Navalny’s wife and virtually everyone else were certain he had been
poisoned. Christo Grozev of Bellingcat,
a
Netherlands-based investigative journalism group that specializes in
fact-checking and open-source intelligence (OSINT), contacted the
recovering Navalny and told him he thought he knew the men who tried to
kill him.
Navalny invited Christo
and his team to the German town where he was recovering and Christo
recorded their investigation in real time as Navalny continued his
opposition to Putin, despite the threat on his life. This is
Cinéma vérité in the
truest sense of the term, a can’t miss film of a man of enormous
patriotism and courage, full of tension, better than any fictional
thriller from Hollywood, and a testament to a man now in a Russian
prison being brutally tortured, according to Christo in a Q&A after the
screening.
Full Time
(9/10): 85 minutes. NR. Laure Calamy gives a
bravura performance as a single mother of two young children working as
a chambermaid in a five-star Paris hotel, but still trying to get a
better job and get out of debt. She commutes to Paris from a small town
when a transit strike hits and the fit hits the shan. Hard as it might
be to believe, this is full of tension as she juggles her life and tries
to survive. One of the best films of the year.
In French.
The Playboy Murders (7/10):
six-part series. It’s all coming out now, the depravity surrounding Hugh
Hefner’s Playboy Mansion in Holmby Hills, an exclusive Los Angeles
enclave. A previous multi-part documentary, Secrets of Playboy
(2022) told the tawdry truth about how the “Bunnies” were manipulated
and taken advantage of. This series deals with six murders. I’ve seen
the first, Bunny Meets Bachelor. It emphasizes the low-class people
involved in Hefner’s “home.” These women who flaunted nudity and free
sex were not the kind you would take home to Mother, but they still had
the right to be respected as human beings, and they weren’t. While it’s
not unexpected that these women and the men who took advantage of them,
all of whom were of a low moral tone, would live such lives, it is still
surprising to learn that they were killers and victims. As an aside, I
played lots of tennis with the late Keith Hefner, Hugh’s brother, and he
was a soft-spoken gentleman when I was with him, but he lived in his
brother’s mansion and is seen in some of these clips.
Marlowe (6/10):
102 minutes w/o credits. R. A gorgeous heiress (Diane Kruger), the
daughter of a big movie star (Jessica Lange) hires PI Philip Marlowe to
find her former lover and naturally a lot of nefariousness is uncovered.

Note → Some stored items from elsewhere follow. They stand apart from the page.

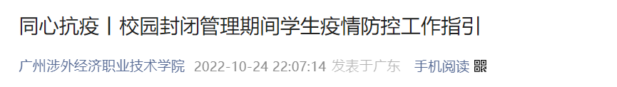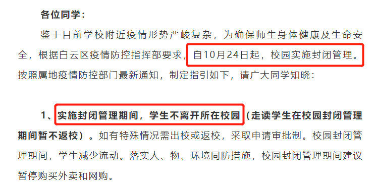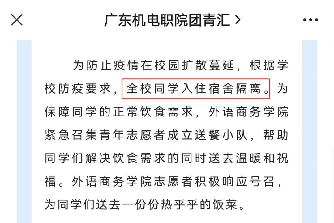 广东环境保护工程职业学院被划入临时管控区域,要进行封闭管理,实行“足不出户,上门服务”。
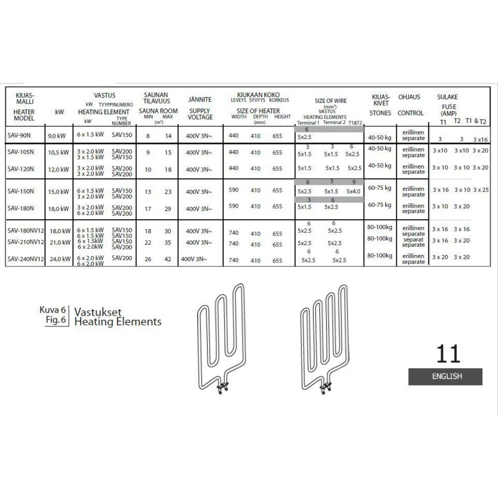 Технические характеристики ТЭН SAWO HP03-003 SAV 200 (для Savonia 105N, 150N, 120N, 180N, 210NV12, 240NV12)
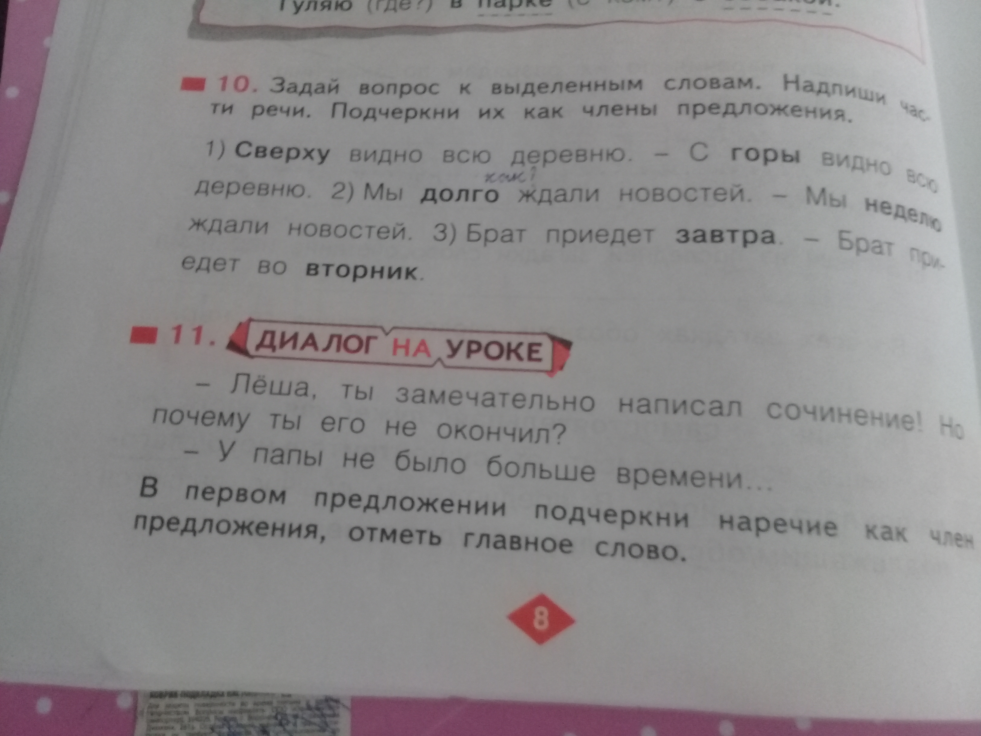 Сверху(откуда?), с горы(откуда?), долго(как?), неделю(сколько?), завтра(когда?), во вторник(когда?).
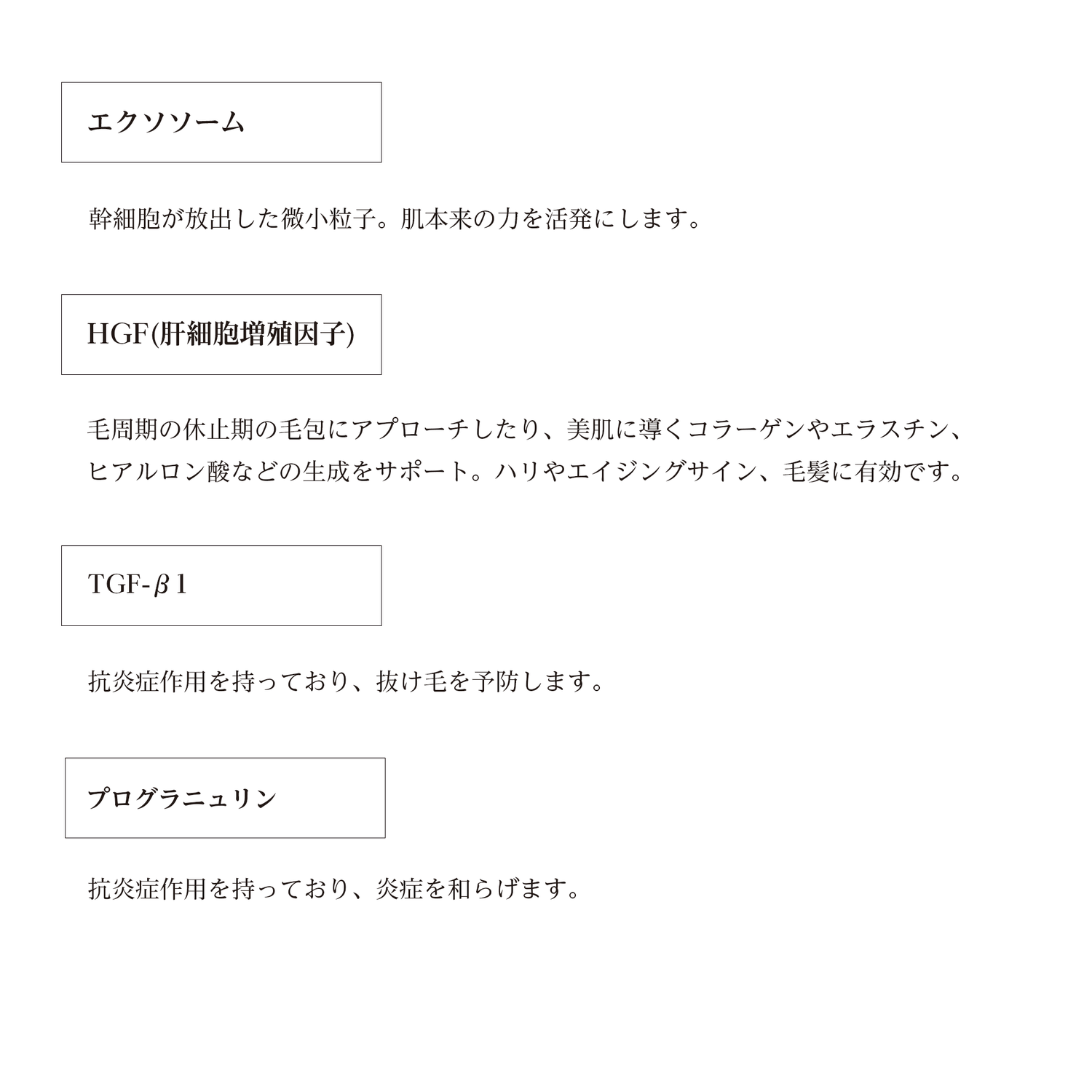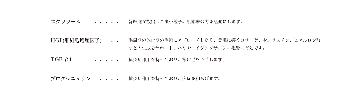 ヒトのプラセンタ(胎盤)から幹細胞を採取し、培養してできた上澄み液のこと。この上澄み液には、からだが持つ本来の力を活発にし、人を美しくそして元気にしてくれる成分が豊富です。
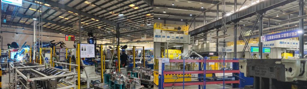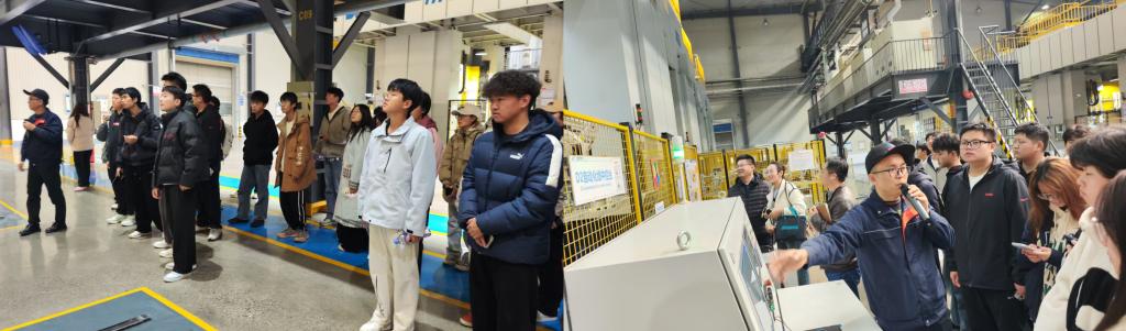 在企业技术负责人的引导下,学生们先后走进生产车间、焊接车间与冲压车间。车间内,自动化生产线高速运转,智能设备精准作业,学生们认真观察汽车零部件的冲压成型、焊接组装等关键工序,详细询问生产流程中的技术要点与质量控制标准。针对公司拥有的冲压生产线、压力机等核心设备,技术人员重点讲解了传统生产模式的优化升级历程,让学生直观感受智能制造对提升生产效率、降低运营成本的重要作用。
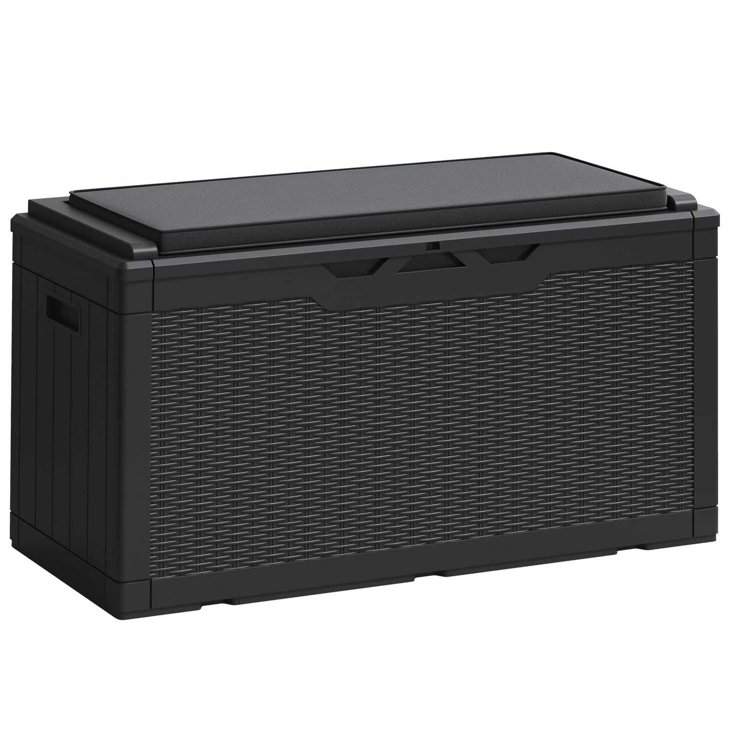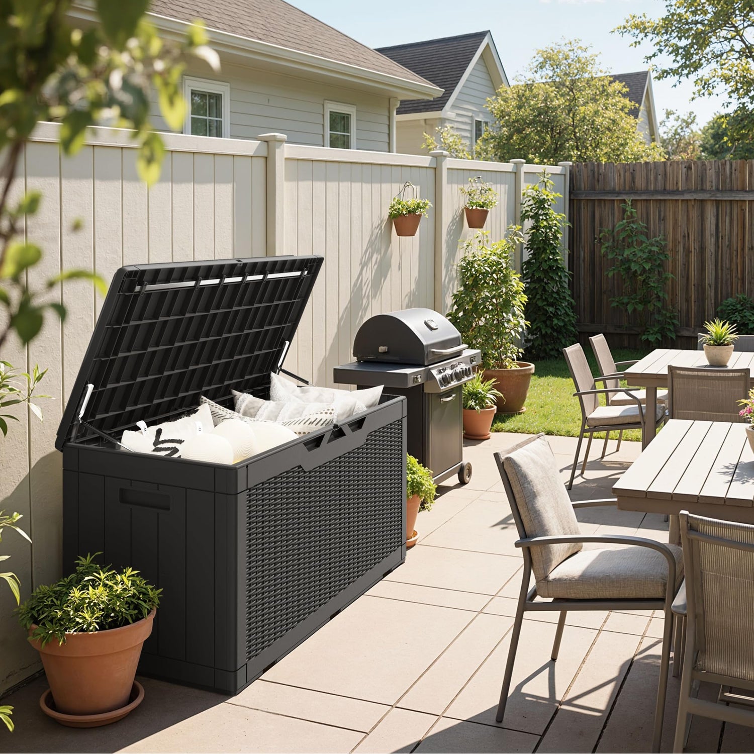 Greesum 100 Gallon Resin Deck Box Large Outdoor Storage Boxes with Cushions for Garden Tools, Patio Furniture Pillows, Pool Supplies, Black
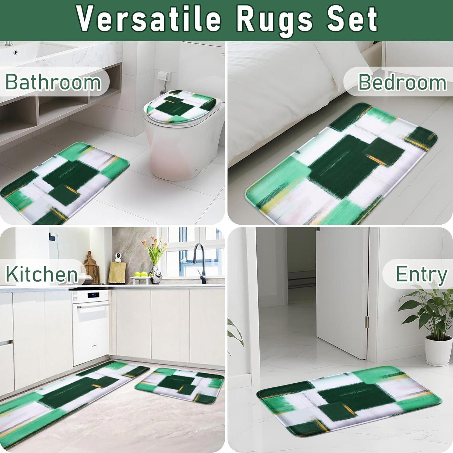 【Super Water Absorption】The plush surface quickly absorbs moisture, allowing the bath mat set to quickly absorb moisture from your feet when you step out of the tub or shower, keeping your floor dry. Bathroom floor mat perfect for bathtubs, shower doors, bathroom entryways, sinks, and toilets.
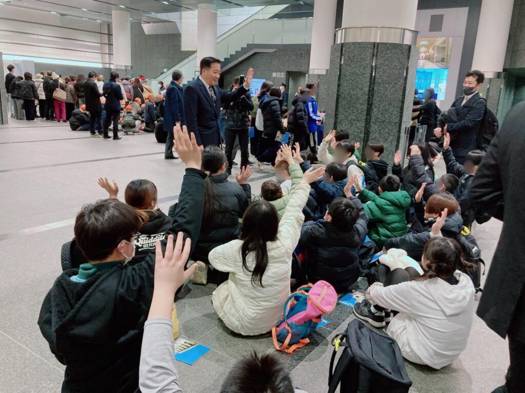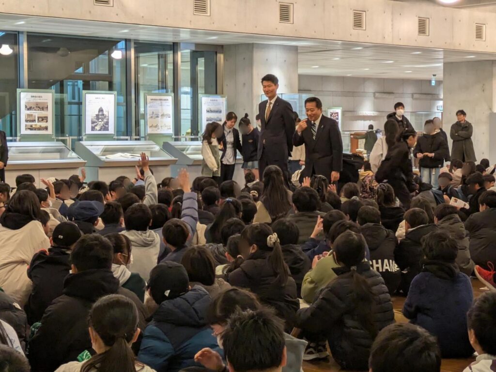 翌日は平尾小学校の皆さんを朝日健太郎参議院議員と共にごあいさつさせていただきました。
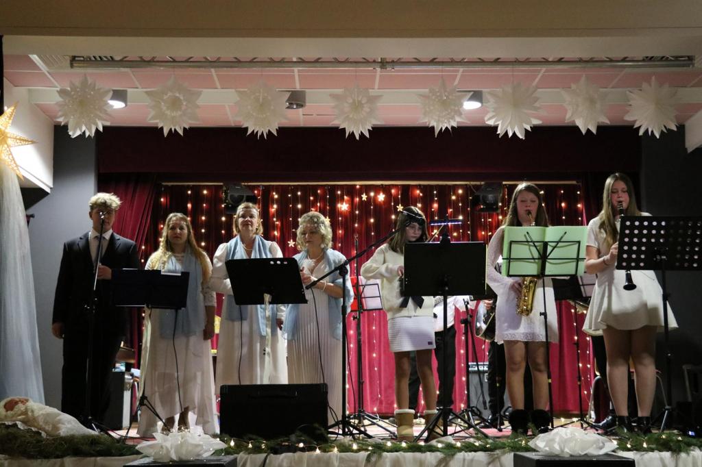 Po serdecznym powitaniu wszystkich zebranych należało już tylko wznieść zawołanie „Hej kolędo, w niebo leć!” Gdy aniołowie wesele opowiadają i wszemu światu znak dają, że narodził się nam Zbawiciel, to światłość dotarła do wszystkich także za sprawą gwiazdy betlejemskiej, o czym w pastorałkach „Anieli w niebie śpiewają” i „W drodze do stajenki”. Piękne nutki „ Pastorałki od serca do ucha” niosły się z udziałem połączonych dziecięcych grup wokalnych z SP Oleszyce, które śpiewając wspólnie z Zespołem Cztery Pory Roku prezentowały równocześnie figury taneczne- to wykonanie było jedną z pierwszych dedykacji dla Babć i Dziadków z okazji Ich Święta. Spójrz Dzieciątko na świat wielki, ile smutku, ile łez, niech twa miłość zdejmie lęki z naszych oczu, z naszych serc, a nadzieja znów wstąpi w nas- przesłanie w „Kolędzie dla nieobecnych”. Gwiazda wciąż wskazuje drogę, by iść tam, gdzie leży mała Dziecina siankiem otulona i woła: biegnijcie „Pastuszkowie, bracia mili” z muzyką i zagrajcie krzesanego na Jego cześć! Jak mówi wszystkim dawne, odwieczne orędzie, z pierwszą na niebie gwiazdą Bóg w naszym domu zasiądzie, tak więc „Raduj się, śpiewaj pieśń, oto Król narodził się, Jemu cześć”- to w pięknej pastorałce „Gwiazdy tańczyły”. Dziecię w stajni utrudzone na sianeczku śpi, a gdy zimno- płacze, jak listeczek drży, bo na świecie „Zawieja i beznadzieja”, a gdzie „Złota Jerozolima”? Zapytam Jezusa maleńkiego, jak miłości mamy uczyć się przez łzy i przygarnąć Go do serca swojego, gdy On na gołym sianku śpi, nie w złotej kolebeczce, nie na miękkiej poduszeczce, a stajenka licha, „Mizerna, cicha”… Dalej niejednokrotnie zadajemy pytanie „Gdzież berło, gdzie Twoje korony Jezu malusieńki?”- w kolędzie „Przystąpmy do szopy”. Ale gdyby się Jezus „Pod Giewontem zrodził” to takie słowa „Bedom tobie góry i hole śpiewały, bedzies w biołyk portkach i cuzecce chodził Jezusicku słodki”mówią wiele. „O szczęśliwi pastuszkowie, któż radość waszą wypowie” gdy biegliście „powitać Maleńkiego i Maryję Matkę Jego”, więc i my „Pójdźmy wszyscy do stajenki”, do Jezusa i Panienki… Stajenka już coraz bliżej , z dala płynie ciepły ton kołysanki dla Jezusa, słychać wdzięczny Marii głos, chór aniołów włączył się „Lulajże Jezuniu, lulaj”. Nasze aniołki też ochoczo włączyły się do tej kołysanki piórkami wachlując leżącą na sianku dziecinę. „Józefie stajenki nie szukaj” i do gospody nie pukaj, przynieś ze sobą Dziecinę, jest miejsce w naszej rodzinie- taką deklarację złożyliśmy nie tylko w tej pięknej pastorałce. Jezu, Ty przyszedłeś zbawić naród cały, lecz czy masz dosyć siły, jesteś taki mały? Ach, podnieś rękę Boże Dziecię, błogosław Ojczyznę miłą! Tą kolędę- hymn zaśpiewaliśmy razem z publicznością, która na stojąco oddała uwielbienie, chwałę, cześć z wiarą, iż każde kolejne Boże Narodzenie ma sens. Z muzyką i pieśniami, głosami dziecięcych grup wokalnych i - z ich szczerych, małych serduszek popłynęły dedykacje z okazji Dnia Babci i Dziadka wraz z kolędami „Bosy pastuszek”, „A wczora, z wieczora”- wyśpiewane przez Kropelki, Perełki, Dzieci Oleszyc. Jak wiele radości i wspaniałych, niezapomnianych wrażeń wciąż dostarcza taniec mogliśmy się przekonać, kiedy grupy taneczne z SP Oleszyce dały ich pokaz do melodii i piosenek świątecznych. Pierwszego zauroczenia doznaliśmy, gdy Perełki wykonały żartobliwy, pełen ekspresji układ do piosenki „Jingle bells”, a ich barwne, mikołajkowe stroje pięknie się w całość wkomponowały. Połączone dziecięce grupy dały równie bogaty w osobliwą choreografię pokaz taneczny do kolędy „Gore gwiazda”. We wszystkich tych prezentacjach dzieci przebrane w stroje aniołków, gwiazdek, gwiazdorów wprowadzały w podziw i wzruszenie. Młodzieżowa grupa taneczna Czerwone Korale wystąpiła w pełnym uniesienia i liryzmu tańcu do pastorałki „Mario, czy Ty wiesz”, a piękna, śnieżna biel ich strojów podkreślały wspaniały przekaz. Zachwyt i aprobatę dla wszystkich grup tanecznych publiczność wyrażała serdecznymi brawami. Słowa uznania kierujemy do Pani Moniki Jezuit, która z wielkim oddaniem, poświęceniem i profesjonalizmem wszystkie grupy dziecięce przygotowała. Tu należy dodać, że wspaniałe pokazy dziecięcych grup tanecznych i wokalnych zostały przygotowane z myślą o Babciach i Dziadkach, by sprawić im jak największą radość z okazji Święta. Również na Ich cześć Milena, przedstawicielka wszystkich dzieci wyrecytowała przejmujące, z łezką w oku „Pachnące łąką życzenia”. Dla wspaniałej, licznie przybyłej publiczności, za jej pełne, serdeczne zaangażowanie przygotowaliśmy ciasteczka, jako nagroda i podziękowanie za obecność i wspólne kolędowanie. Dopełnieniem wszystkich wrażeń i podkreśleniem świątecznego charakteru koncertu była dekoracja z tradycyjnymi elementami takimi jak: dzieciątko na sianku, gwiazda betlejemska, szopka z wosku pszczelego, opłatek, świeca, piękne bombki ręcznie wykonane i wiele innych. Dziękujemy Dyrekcji i pracownikom MGOK Oleszyce za pomoc i umożliwienie realizacji koncertu. Serdeczne podziękowanie za gościnny występ i wsparcie instrumentalne w wielu kolędach kierujemy do: Marysi Witko- saksofon altowy, Ani Witko- klarnet, Amelki Misztal- skrzypce. Zespół Wokalno- Instrumentalny Cztery Pory Roku wystąpił w składzie: wokal-Alicja Franus, Małgorzata Kościelińska, Monika Olejnik, Kacper Olejnik, Paweł Młodowiec także akordeon i aranżacja utworów, Konrad Młodowiec- gitara akustyczna, Roman Morawski- gitara basowa, Wojciech Kułakowski- instrumenty perkusyjne.
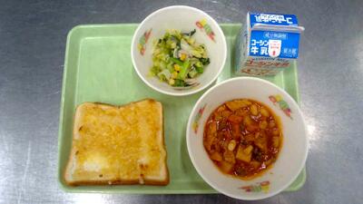 【献立】牛乳 キャラメル揚げパン 海藻サラダ ポークビーンズ
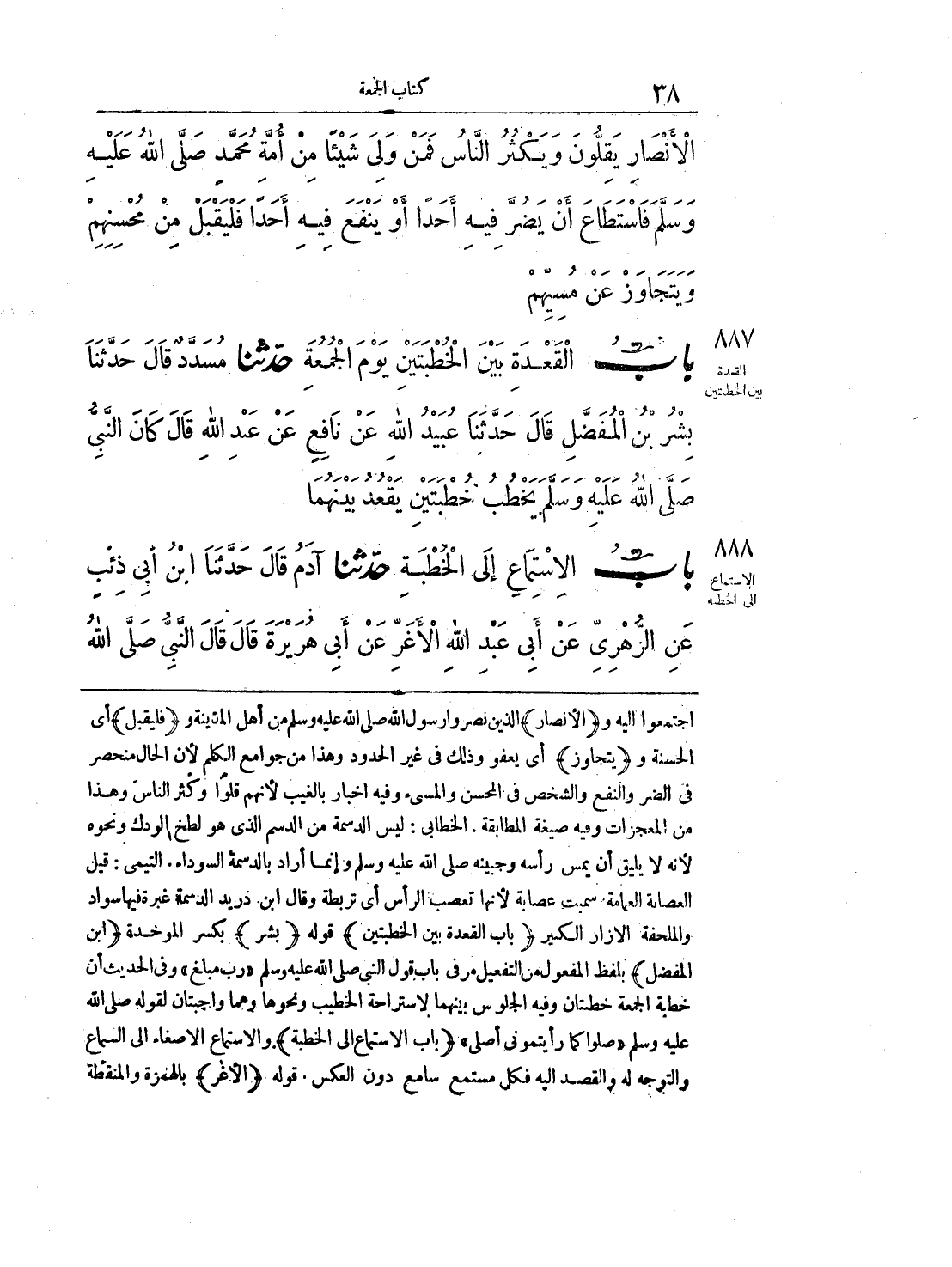 اجتمعوا إليه و {الأنصار} الذين نصروا رسول الله صلى الله عليه وسلم من أهل المدينة و {فليقبل} أي الحسنة و {يتجاوز} أي يعفو وذلك في غير الحدود وهذا من جوامع الكلم لأن الحال منحصر في الضر والنفع والشخص في المحسن والمسيء وفيه إخبار بالغيب لأنهم قلوا وكثر الناس وهذا من المعجزات وفيه صيغة المطابقة، الخطابي: ليس الدسمة من الدسم الذي هو لطخ الودك ونحوه لأنه لا يليق أن يمس رأسه وجبينه صلى الله عليه وسلم وإنما أراد بالدسمة السوداء، التيمي: قيل العصابة العمامة سميت عصابة لأنها تعصب الرأس أي تربطه وقال ابن دريد الدسمة غبرة فيها سواد والملحقة الازار الكبير {باب القعدة بين الخطبتين} قوله {بشر} بكسر الموحدة {ابن المفضل} بلفظ المفعول من التفعيل مر في باب قول النبي صلى الله عليه وسلم "رب مبلغ" وفي الحدجيث أن خطبة الجمعة خطبتان وفيه الجلوس بينهما لاستراحة الخطيب ونحوها وهما واجبتان لقوله صلى الله عليه وسلم "صلوا كما رأيتموني أصلي" {باب الاستماع إلى الخطبة} والاستماع الاصغاء إلى السماع والتوجه له والقصد إليه فكل مستمع سامع دون العكس، قوله {الأغر} بالهمزة والمنقطة

Writers William Monahan and Neil Jordan, who also directed, and Liam
Neeson give an interpretation of Chandler’s iconic private eye as
morally casuistic, of which I doubt Chandler would approve. While the
leaden story drags, though, I was watching something else. The
eagle-eyed will notice posters in the background of some scenes for 1940
movies like Mexican Spitfire and Dance, Girl, Dance,
(which starred Lucille Ball) among others. Is this a roman à clef about
a real studio in 1940? These were real movies, and all the posters were
of films made by RKO. But in one of the final scenes set in an office,
there’s a poster on the wall for a film entitled The Black-Eyed
Blonde. There never was a movie made with that title, but it just so
happens that it is the title of the book upon which this film is based.
Cute.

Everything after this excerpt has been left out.